February 12, 2024

3 Pillars of Revenue Management

3 Pillars of Revenue Management

In this section, we’ll review the levers that we can pull to create a more comprehensive and dynamic revenue management strategy. You can use all of these techniques concurrently to create a powerful revenue management strategy.

Rate Adjustments

Rate adjustments are price modifiers that allow you to increase or decrease your prices based on demand. This allows you to put a premium on dates that have higher demand and a discount on dates when your daycare or boarding facility is operating below capacity. This gives you the best opportunity to monetize your available inventory. A simple 1% increase in your rates can result in 5% increase in net profit. Based on the outsized swings in demand during peak times, we are seeing businesses enact 5-10% rate adjustments during peak seasons which fall directly to the bottom line for a 25-50% increase in net profit.
There are two strategies you can use to adjust your rates:

  • Proactive rate adjustments: based on when demand is historically the highest (or lowest), adjust your pricing in anticipation of those changes.
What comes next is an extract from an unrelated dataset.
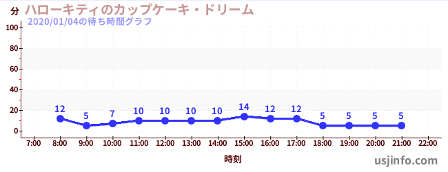 • ハローキティのカップケーキ・ドリーム$B$N(B2020年01月04日の待ち時間

These periods are usually easy to identify on a calendar and consist of Holiday weekends, school breaks or summer weekends. 
  • Reactive rate adjustments: create rules that, based on your current occupancy, increase or decrease your rates to manage your inventory. For example, you might want to increase prices by 10% when you approach 80% occupancy.

Minimum Booking Values

Most businesses have a fixed number of bookings they can accept before starting a wait list. Filling up with first come first serve bookings for periods where demand is high, will cause you to wait list customers with higher quality bookings (i.e. longer stays, more extras purchased, etc.). Minimum booking values help you protect your most valuable “real estate” during periods with the highest demand. For example, a one night booking over Thanksgiving may not be the most desirable reservation to accept because it occupies the one peak night while leaving shoulder nights on either side unoccupied. Creating a minimum booking value during that time period can deflect that type of booking altogether - leaving you open to accept a more typical (and more profitable) Wednesday through Sunday booking.

Minimum booking value rules should be set based upon historical data of what you have experienced in the past. For example, what is the average value of a booking for a reservation that touches a Saturday in the summer? That can be your baseline for a minimum booking value rule that you will want to set for next summer.
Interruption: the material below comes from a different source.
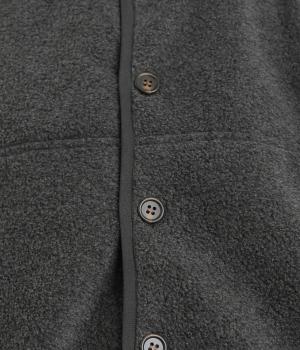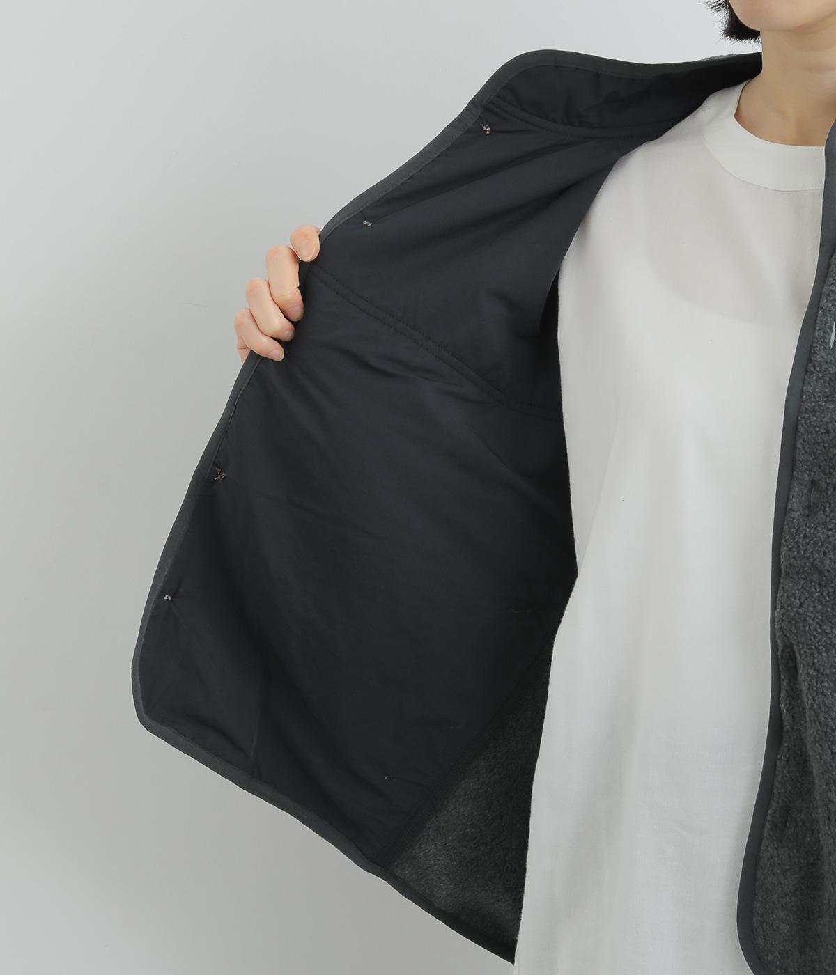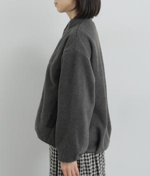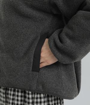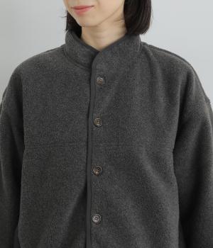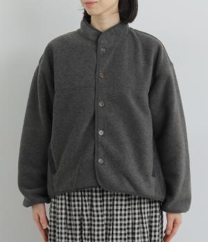 たっぷりと空気を含んだあたたかくて軽いフリース生地です。つい撫でたくなるようなやわらかな心地よい表面感が魅力。前身頃や襟にさらりとしたナイロンの裏地をつけています。

In action, a minimum booking value rule might look like the following:

  • A customer who is attempting to select a single night stay over a minimum booking value period may see no results available
  • A customer who is attempting to select a longer stay, or who has more pets during the same period will see the option to book that day (in conjunction with adjoining days).

This is an example of how you might deflect less desirable (lower profit) bookings, while keeping yourself open to collecting better bookings (higher profit) when they come along.

Blackout Dates

Blackout dates are useful for making offers available or unavailable based on market conditions. For example, if you have a base boarding package that does not include any extras or add-ons, you might make that specific offer unavailable during your busiest periods. In this way, you can strategically use blackout dates to nudge pet owners into higher grossing offers.